Prove the following logical Equivalences using truth tables
Idempotent:
– p ^ p = p, and
– p V p = p
Absorption:
– p V (p ^ q) = p, and
– p ^ (p Ú q) = p
Identity:
– p ^ t = p, and
– p V c = p
Negation:
– p V ~p = t, and p ^ ~p = c
Universal Bound:
– p ^ c = c, and
– p V t = t
Negations of t and c:
– ~t = c, and
– ~c = t
Note: t means tautology, c means contradiction.
This is what i have done so far please let me know if i am doing it right or if anything is wrong.

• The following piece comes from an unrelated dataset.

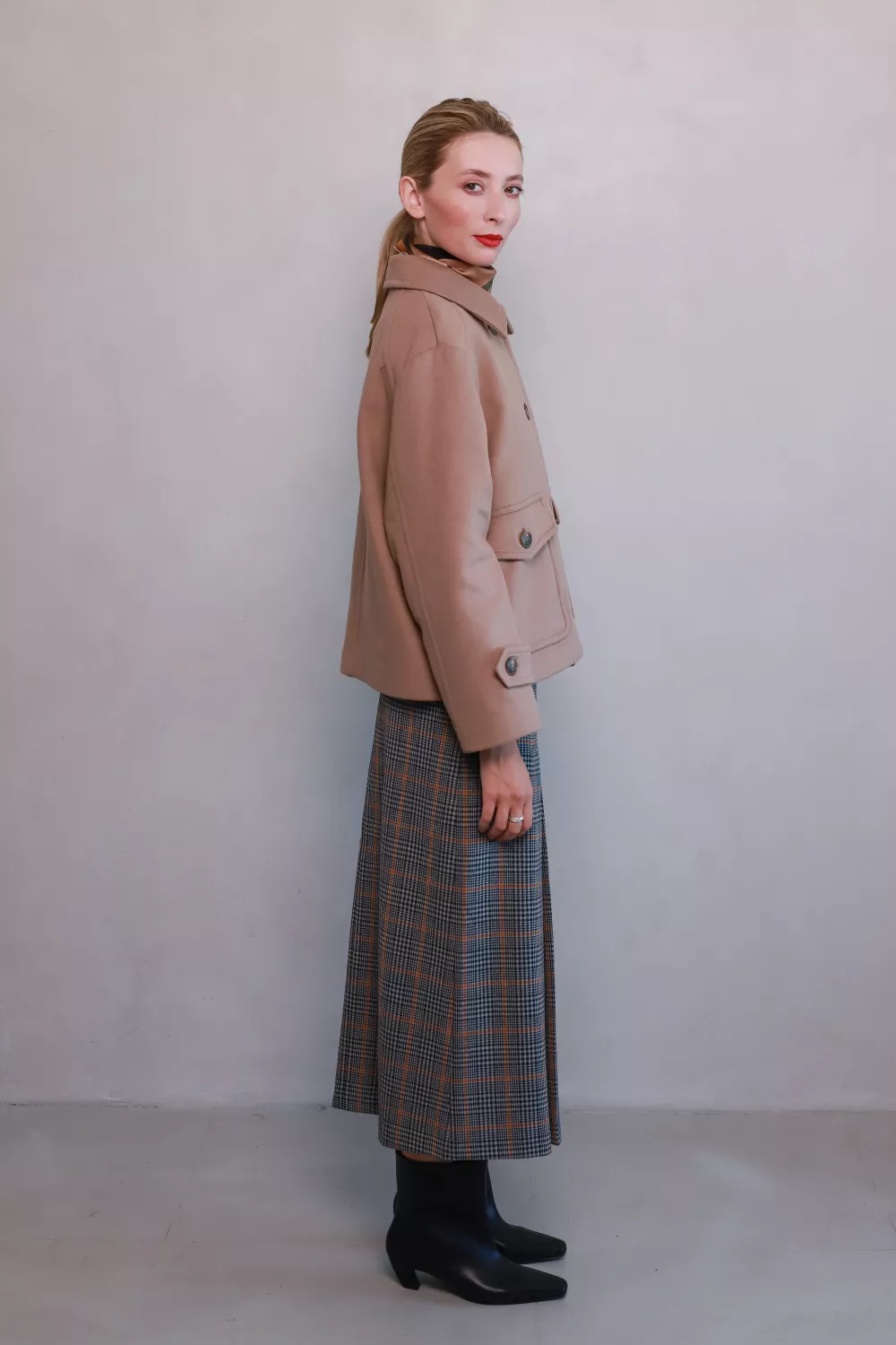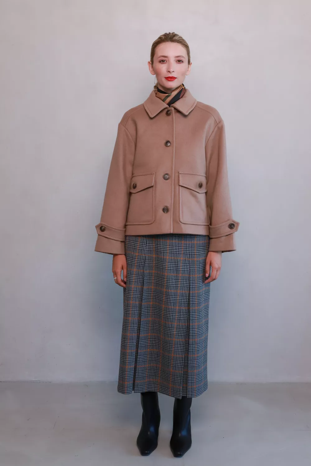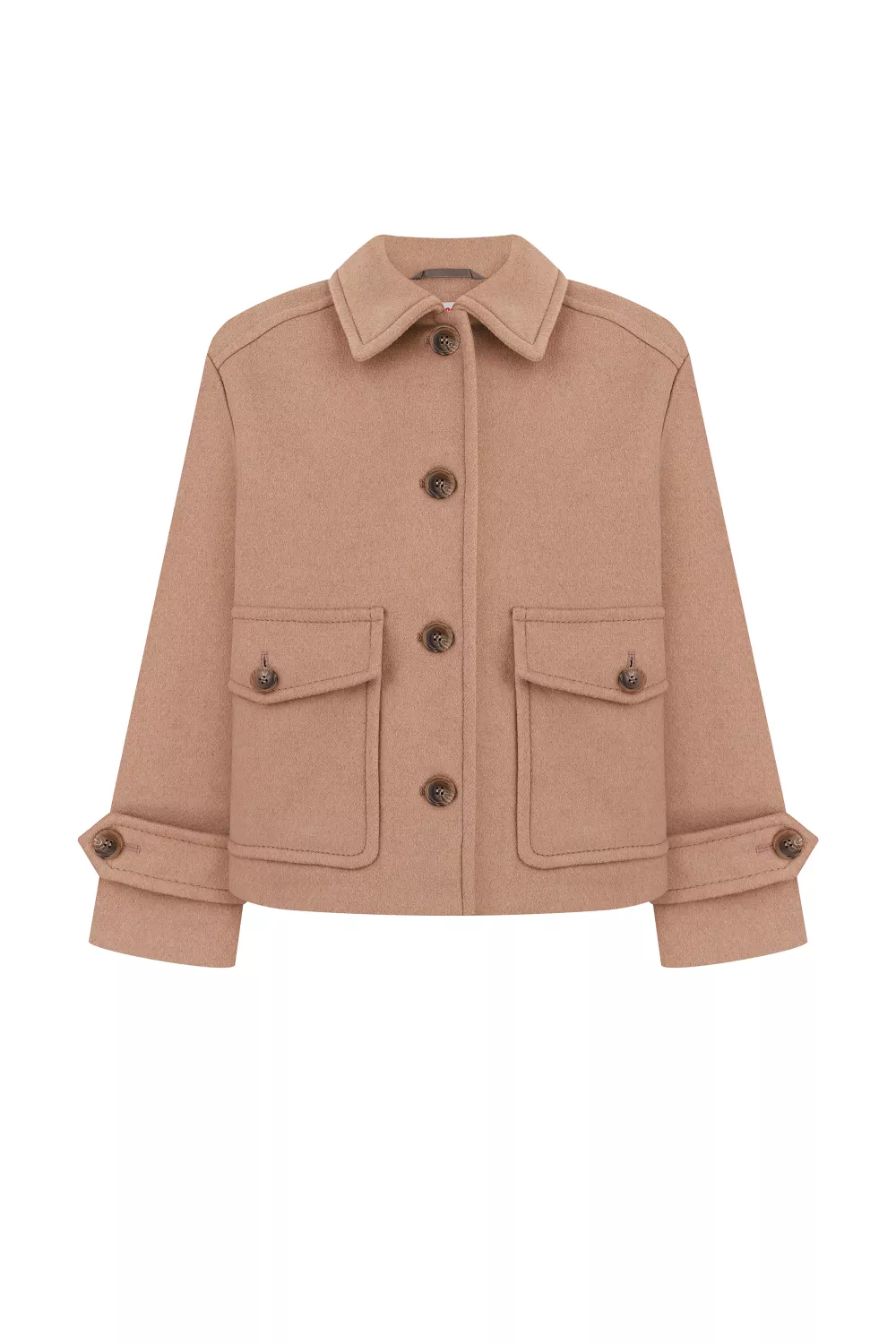 Стиль, який завжди в тренді. Це пальто з натуральної вовни поєднує комфорт, практичність і витончену естетику. Лаконічний крій з акцентом на великих накладних кишенях створює сучасний міський образ, а теплий бежевий відтінок робить його ідеальним для будь-яких поєднань.
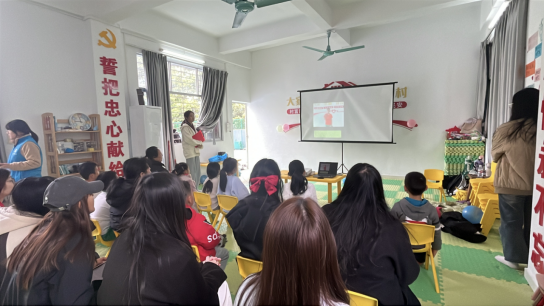 本网讯(记者 豆芹兰、温喜娇)12月15日上午,我们再九潭村“小站家”进行了本学期的课程总结分享会,莫菲菲、李嘉盈、何洁怡三位主持人热情洋溢地欢迎每一位小朋友及其家长、社工和志愿者,并向大家介绍此次总结分享会的流程与内容,正式拉开了这场总结分享会的序幕。

Thanks
Idempotent:
p p^p pVp
0 0 0
1 1 1
Absorption:
p q p^q pv(p^q) pVq p^(pVq)
0 0 0 0 0 0
0 1 0 0 1 0
1 0 0 1 1 1
1 1 1 1 1 1
Identity:
p t c p^t pVc
0 1 0 0 0
1 1 0 1 0
Negation:
p ~p pV~p p^~p
0 1 1 0
1 0 1 0
Universal Bound:
p c t p^c pVt
0 0 1 0 1
1 0 1 0 1
Negations of t and c:
t c ~t ~c
1 0 0 1
When an expression is always 0 it is a contradiction, and when it is always 1 it is a tautology.